OPTS      = -O0 -DADD_
F77OPTS   = -O3 -DADD_
FOPTS     = -O3 -DADD_ -x f95-cpp-input
NVOPTS    = -O3 -DADD_ --compiler-options -fno-strict-aliasing -DUNIX
LDOPTS    = -fPIC -Xlinker -zmuldefs


LIB        = -llapack -lf77blas -latlas -lcblas -lpthread -ldl -lclAmdBlas -lOpenCL -lgfortran -lm


GPUBLAS   = /opt/clAmdBlas-1.10.321

LIBDIR    = -L/home/seb/local/lib -L/opt/AMDAPP/lib/x86_64 -L$(GPUBLAS)/lib64
INC       = -I/home/seb/include -I$(GPUBLAS)/include -I/opt/AMDAPP/include


I have written a simple program inspired from testing_dgetrf that calculates the LU decomposition of a 3x3 matrix and print it:

Code: Select all
#include <stdio.h>
#include <stdlib.h>
#include <magma.h>

int main(void) {
  double * A;
  magmaDouble_ptr dA;
  magma_int_t * ipiv = malloc (3*sizeof (int));
  magma_queue_t  queue;
  magma_device_t device;
  magma_int_t info;
  int num;

  magma_init ();

  if ( MAGMA_SUCCESS == magma_get_devices (&device, 2, &num ) )
    fprintf( stderr, "magma_get_devices found %i GPU\n", num);

  if ( MAGMA_SUCCESS == magma_queue_create( device, &queue ) )
    fprintf( stderr, "queue created \n");


  // Allocate and fill matrix
  magma_malloc_host((void**) &A, 9*sizeof(double));
  *(A) = 2.; *(A+1) = -1.; *(A+2) = 0.;
  *(A+3) = -1.; *(A+4) = 2.;*(A+5) = -1.;
  *(A+6) = 0.; *(A+7) = -1.; *(A+8) = 2.;


  // Copy matrix on GPU
  if ( MAGMA_SUCCESS == magma_malloc((magma_ptr *) &dA,
                 (3*3) * sizeof (double)) )
    fprintf (stderr, "malloc is a success\n");

  if ( MAGMA_SUCCESS == magma_dsetmatrix( 3, 3, A, 0, 3, dA, 0, 3, queue) )
    fprintf (stderr, "dsetmatrix is a success\n");


  // Get LU decomposition
  magma_dgetrf_gpu ( 3, 3, dA, 0, 3, ipiv, &info, queue);

  if ( info == MAGMA_SUCCESS)
    fprintf (stderr, "DGETRF is a success\n");
  else
    exit(-1);


  // Retrieve and print result
  if ( MAGMA_SUCCESS == magma_dgetmatrix( 3, 3, dA, 0, 3, A, 0, 3, queue))
    fprintf (stderr, "dsetmatrix is a success\n");
  fprintf(stdout, "%f %f %f \n %f %f %f\n %f %f %f \n",
     *A, *(A+1), *(A+2),
          *(A+3), *(A+4), *(A+5),
     *(A+6), *(A+7), *(A+8));


  // Free structures
  magma_free (dA);
  magma_free_host (A);
  free (ipiv);
  magma_queue_destroy (queue);
  magma_finalize ();

  return 0;
}


I compile the code using
gcc -c -I/opt/AMDAPP/include -I/home/seb/local/include magma_test.c -o magma_test.o
gcc magma_test.o -o magma_test.exe -L/opt/AMDAPP/lib/x86_64/ -L/home/seb/local/lib `pkg-config --cflags --libs magma`

which seems to work fine.
When I run the program, the initialisation stage works fine, but magma_dsetmatrix leads to the code crashing due to a "segmentation fault"

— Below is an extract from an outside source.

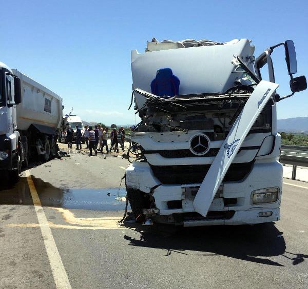 Mola için durduğu yerde, kamyonun çarpması sonucu öldüMANİSA'nın Akhisar ilçesinde, mola için yol kenarında durup indiği kamyonuna, arkadan gelen başka kamyonun çarpmasıyla bariyer ile araç arasında sıkışıp, ağır yaralanan Murat Yavaş (38), kaldırıldığı hastanede yaşamını yitirdi.Kaza, bugün saat 12.00 sıralarında, Akhisar-Gölmarmara karayolunun 8'inci kilometresindeki Sarıçalı Mahallesi yakınlarında meydana geldi. Mola vermek için 45 RM ... plakalı kamyonunu yol kenarında durduran Murat Yavaş, aracından indi. Bu sırada arkadan gelen 45 RJ ... pakalı başka bir kamyon, Yavaş'ın kamyonuna arkadan hızla çarptı. Çarpmanın şiddetiyle Murat Yavaş, kendi kamyonuyla bariyerlerin arasına sıkıştı. Yoldan geçen diğer araç sürücülerinin durumu bildirmesi üzerine gelen 112 Acil Servis ekibi tarafından Akhisar Mustafa Kirazoğlu Devlet Hastanesi'ne kaldırılan Yavaş, doktorların müdahalesine rağmen yaşamını yitirdi. Murat Yavaş'ın cesedi, jandarmanın kaza yerindeki incelemelerinin ardından otopsi için İzmir Adil Tıp Kurumu'na gönderildi. Jandarma, kazayla ilgili soruşturma başlattı.dha

Here is what I get from gdb:
Program terminated with signal 11, Segmentation fault.
#0 0x00007f6629091bbb in clEnqueueWriteBufferRect ()
from /opt/AMDAPP/lib/x86_64/libOpenCL.so.1
(gdb) up
#1 0x0000000000413dfb in magma_dsetmatrix ()

The strange thing is that if I replace magma_dsetmatrix by the equivalent clEnqueueWriteBufferRect command, the code does not crash and performs the LU decomposition properly. Also, testing_dgetrf_gpu on my system runs very slow, and the GPU hardly seems to be faster than the CPUs. Independently, I have run a program called FlopsCL to assess the speed of my GPU as it is installed and it seems to show that the GPU performs normally (around 1000 GFlops in double precision).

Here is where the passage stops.